Hmmm, I replied via email on may 17, but from a different email account, so maybe that's why this message never came to the group:
Well, there were several separate problems I encountered, starting with my initial attempt to stray from the default values, eg for s3configprefix. The initial settling period value set to like 3s or 30s, with a fixed_ensemble_size set to the number in my cluster, and occasionally, a pre-populated config object at the s3prefix, all together finally solved my problem with no period of latent intervals on autoregistering to a new cluster.
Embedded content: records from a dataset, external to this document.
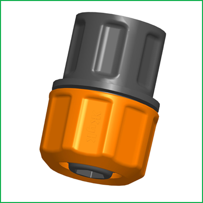 Шланг надевается на внутренний штуцер, при затягивании внешней гайки "лепестки"цанги смыкаются, и шланг диаметром 3/4 надёжно фиксируется.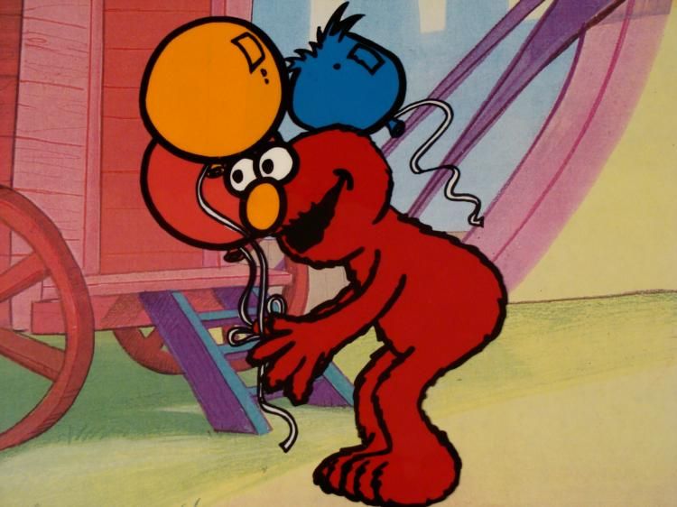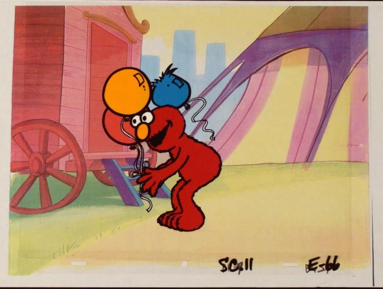 In Elmo's world everyone is happy and full of laughter. Elmo enjoys making friends and having a good time. In the cel, Elmo is holding balloons * * * Original Animation Cel & Printed Background * * Medium: Hand painted acetate celDetails: Animation notations and peg holes * * Size of cel: 10 1/2 x 12 1/2 inchesSize of background: 11 x 17 inches * * Condition: Very good; slight creases on corner * * * This is an original hand-painted cel set-up used in the production of an episode of "Sesame Street." Each one-of-a-kind set-up represents a slight change in position of the characters. When individually photographed and projected in rapid succession, the * images appear to move. * * To create production cels, the original animator's drawing is transferred onto an acetate cel (by hand-inking and/or photo copying). The cel is then hand-painted on the reverse side. The background accompanying this set-up is a printed reproduction background. * *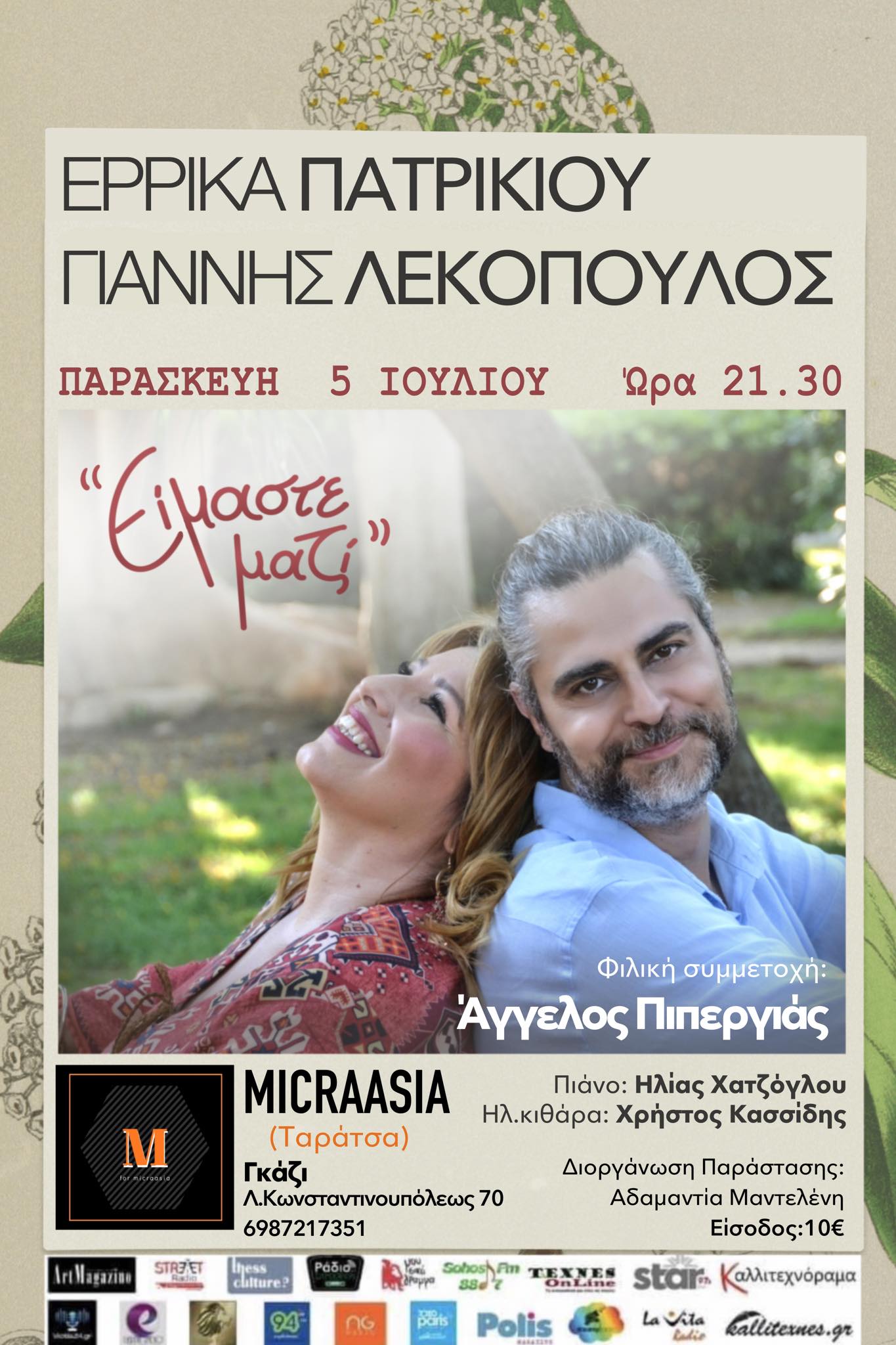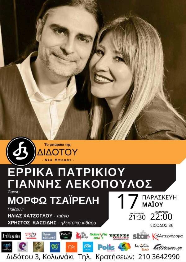 Χορηγός Viotia24.gr Η Έρρικα Πατρικίου και ο Γιάννης Λεκόπουλος ανταμώνουν την Παρασκευή 5Ιουλίου στην όμορφη ταράτσα του...

I mostly have, perhaps unjustly, blamed s3 for the issues with defunct processes, since the defunct processes appeared to be every five, then ten minutes, then five minutes, then ten minutes,, corresponding to my values for backup/cleanup intervals, but since I was also running in docker without a PID1 process reaper, I ended up building a custom container image with yelp's dumb-init as the ENTRYPOINT and an extended CMD wrapper.sh, loosely based on the mbabineau/zk-exhibitor container, but also accepting arbitrary environment parameters to populate the defaults.conf and zoo.cfg with some defaults tuned for my environments.
I also eliminated all my S3 vpc endpoints (which were apparently intermittent causal factors), rebuilt my ensembles several times, replacing my s3prefix, s3configprefix, and extra-config.backup-prefix values with strings containing neither underscore characters '_' nor slashes '/'. I think I was also doing something fancy with my s3 bucket policy and had to fix that as well....
Of around 16 ensembles with which I am most familiar, with 3-5 members each in different network configurations, accounts/providers, three of them are still running with an early version of my image and continue to reach high load averages in the thousands on an 8-vcpu instance within 3 weeks, requiring rolling reboots but the rest have had no problems in months. The very first clusters I had built quasi-manually on mesosphere dcos1.0.3 with vanilla-ish containers and continue to operate with no issues since December 2015, so go figure.
If you aren't using persistent storage/volumes for the zk snapshots/transactions directories, make sure you have a backup directly from the leader container image before redeploying with any changes; the backups from exhibitor on s3 may be insufficient to rebuild from scratch without a fuzzy snapshot at the beginning of the transaction logs.
Hope that helps at all, and let me know how it goes!
--
xpaul